On voudrait encore y croire...

Il faut encore y croire tant l’échec de l’accord américano-russe sur le Syrie serait catastrophique mais le moins qu’on puisse dire est qu’il paraît maintenant bien menacé.

Depuis que les Américains ont bombardé, samedi, les troupes de Bachar al-Assad et tué plusieurs dizaines de leurs hommes en croyant cibler les djihadistes de Daesh, les Russes sont déchaînés. Bien que les Etats-Unis aient reconnu leur erreur et exprimé leurs regrets, Moscou estime que ces frappes sont « à la frontière de la négligence criminelle et de la connivence directe avec les terroristes de l’Etat islamique ». Les mots employés par la diplomatie russe viennent compliquer l’affaire alors même que les Américains étaient déjà très refroidis par les obstacles mis par le régime Assad à l’acheminement de l’aide humanitaire vers Alep.

L’accord américano-russe était en réalité fragilisé depuis jeudi, depuis que Damas bloquait les convois de l’Onu sans que la Russie ne fasse quoi que ce soit pour l’en empêcher mais est-ce à dire que l’espoir qui s’était levé il y a huit jours serait d’ores et déjà mort ?

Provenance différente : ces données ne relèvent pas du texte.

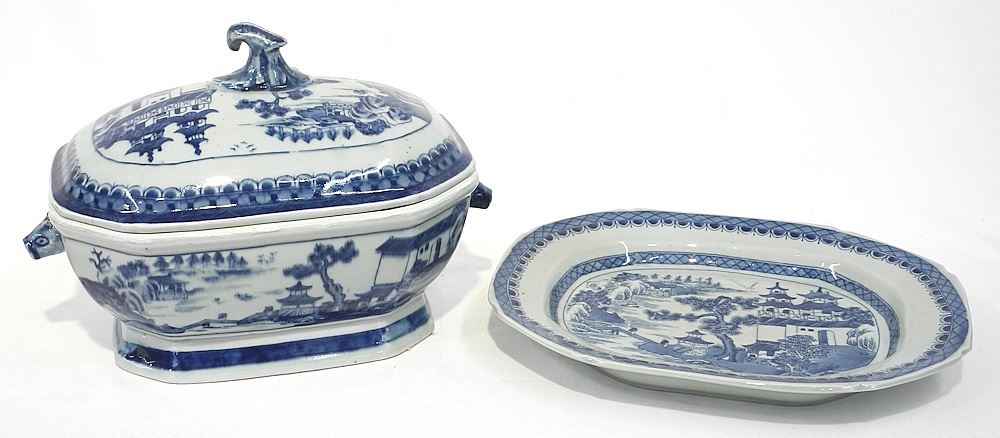 Blue and White Chinese Porcelain Container with Plate, 11".

Ce n’est pas déjà dit puisque les raisons qui avaient poussé Washington et Moscou à s’entendre et à envisager une coopération militaire contre Daesh sont toujours aussi fortes. Les Américains n’ont toujours aucune envie de replonger dans la tourmente proche-orientale. L’intérêt du Kremlin est toujours de se rapprocher des Occidentaux. Il l’est même encore un peu plus maintenant que les électeurs russes ont boudé les législatives d’hier et que cette progression de l’abstention, plus de dix points en cinq ans, marque un recul de la confiance dans le parti de Vladimir Poutine. Le président russe a besoin de relancer son économie et ne pourra pas le faire sans une détente avec les Occidentaux mais le week-end a été sombre, et pas seulement pour la Syrie.

L’Europe, non plus, n’incite guère à l’optimisme. On se doutait, bien sûr, que le sommet de Bratislava, vendredi, n’allait pas résoudre d’un coup tous les problèmes de l’Union mais tout de même ! Trois mois après le Brexit, plusieurs semaines après le consensus qui s’était dégagé entre Paris, Berlin et la Commission sur la nécessité de relancer les investissements communs et de poser les jalons d’une Défense européenne, de vraies décisions n’auraient pas été superflues et il n’y en a pas eu.

Personne n’a contesté les orientations envisagées pour relancer l’unité européenne. C’est déjà ça, oui, d’accord. Ça aurait pu être pire mais un nouveau sommet extraordinaire, début 2017 à Malte et un troisième à l’occasion du 60ième anniversaire du traité de Rome, c’est un peu court pour une Union dont chacun s’accorde à dire qu’elle prend l’eau. Ça l’est d’autant plus que la France entre en campagne présidentielle et que Mme Merkel vient de subir, hier, un nouveau revers électoral à Berlin. Français et Allemands vont maintenant avoir d’autres chats à fouetter que l’Europe. Non, ce ne fut pas un bon week-end.